When I embrace your trunk, my arms can’t encompass you. Grandmother! I have my heart against your heartwood. I feel the grounded power of your body come into my body. Yes, please, pour your loving light into me. May my trunk be an open channel like yours, reaching up for sun, reaching down for water and connection. As you drink the sunlight and make your magic of photosynthesis, may I transform what I am given— into what I need,
The earth around your roots smells rich with the scent of life. We come from the same fecundity, you and I. I send my own, invisible roots, reaching down from each of my feet into the planethome we share. Your roots give stability and seek out nourishment, but they also communicate to other trees through mycelium, the tendrils of your fine white fungal network. Just so, my own neural network branches into fineness and just so, my lightbody energy field reaches out to touch that of others. May the rich smell of the earth at your roots remind me that none of us of any species can fall from the jeweled net that connects us.

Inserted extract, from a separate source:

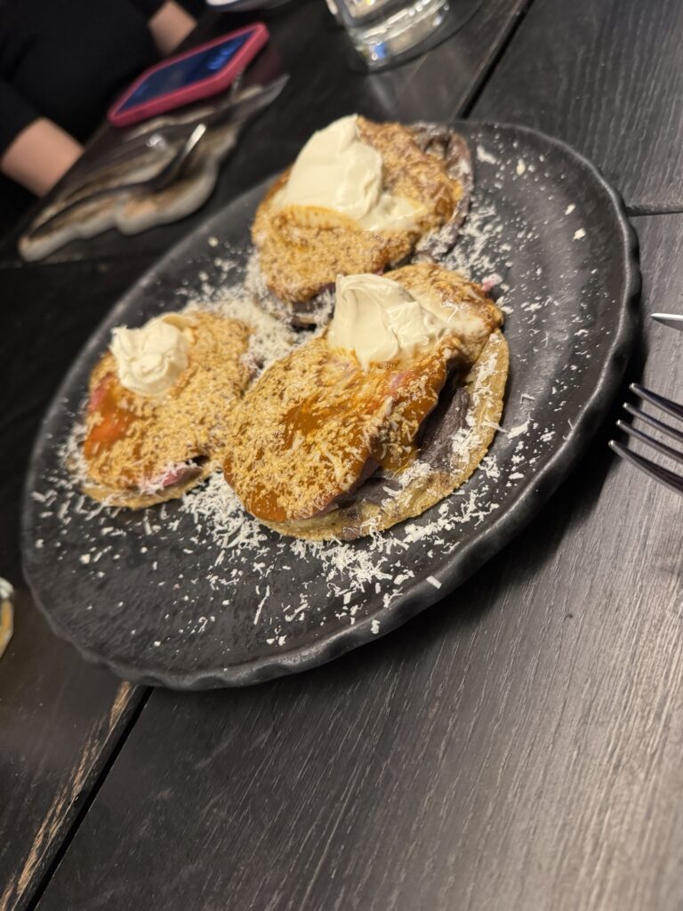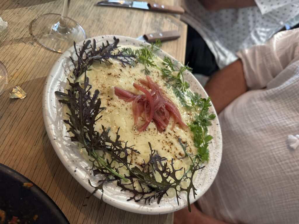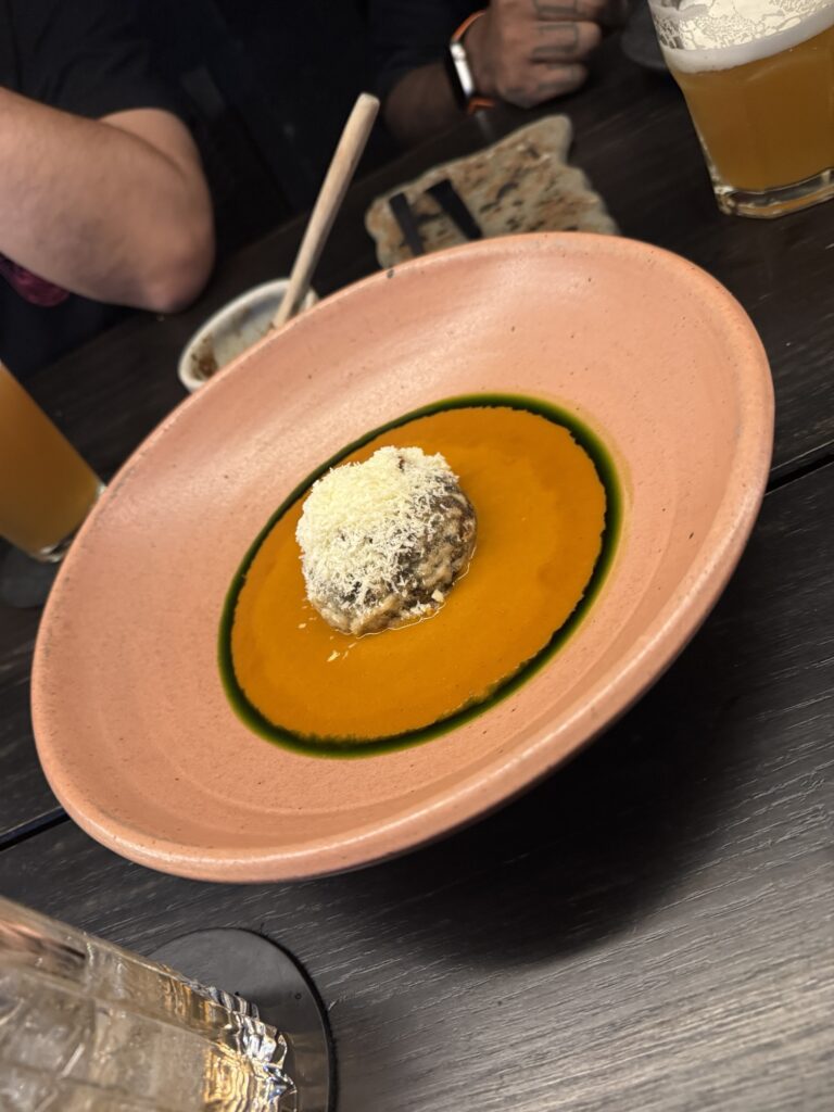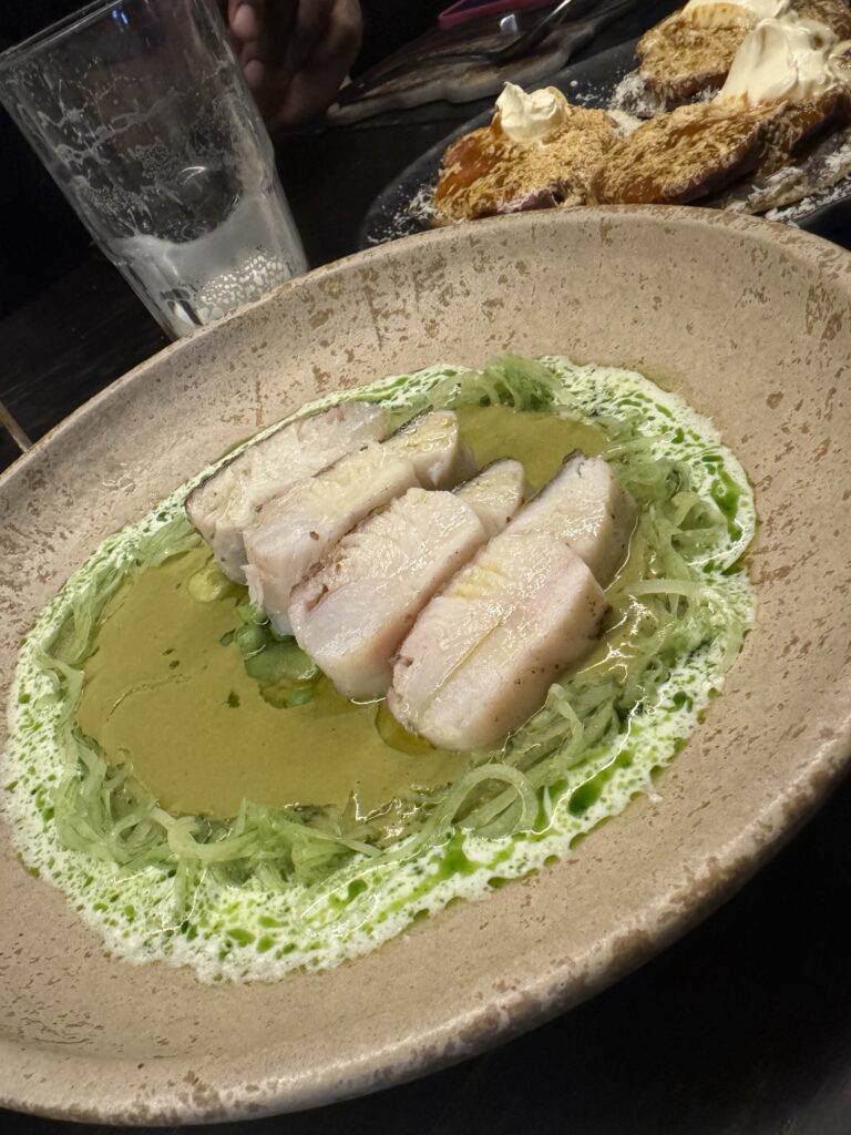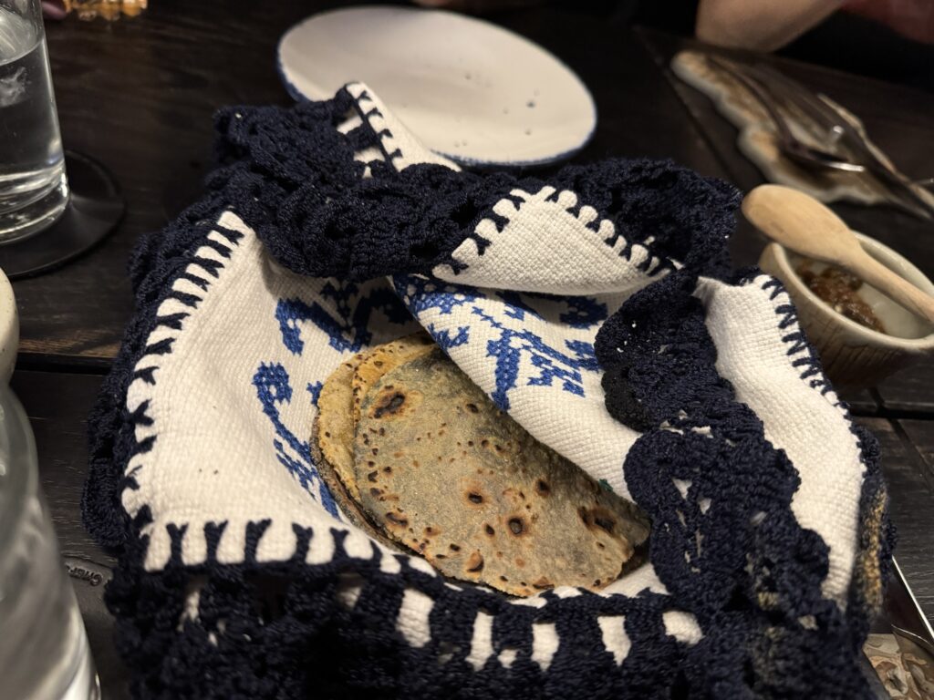 First, we all ordered drinks. Robert ordered a paloma and I ordered something called, a Pulque-Tiki. I don’t remember everything in the drink but it had pineapple juice, lime juice, and pulque (an ancient alcohol made from the fermented sap of the agave plant.) It was served in a clay cup topped with a crisp that crumbled in my hand and a quenelle (football shape) of mango sorbet. It was so good I ordered another one with dessert.

Now I put my ear to you, a tree that has, by growing four into one, made separateness into oneness. And the song I hear humming in your rising sap is one of oneness. A steady rhythm in your inmost parts. A sound without any doubts, a pure note of sturdy joy. I receive this music into my ear laid against your bark. I let the joy wash through my body as it washes through yours.
And taste, oh, I imagine I can taste your fruits. They are juicy explosions in my mouth. The fruits of my own life, ripened now, are bending me back to earth with their abundance. This is my aging, being laden with fruit. This is my aging, my ripening, the smiling of my branches, back down toward my roots, making a circle of life.
Ancient one, I thank your species for my first inhalation of oxygen, and for some 17,000 inbreaths a day I have taken since then. I offer you and your species every exhalation that remains to me. And at the commencement of my lifeforce, to you who have exchanged breath with me in this most intimate of intercambios, I shall offer my final exhalation gladly.
(writing prompt that generated this post: Go to a tree you love and write to it.)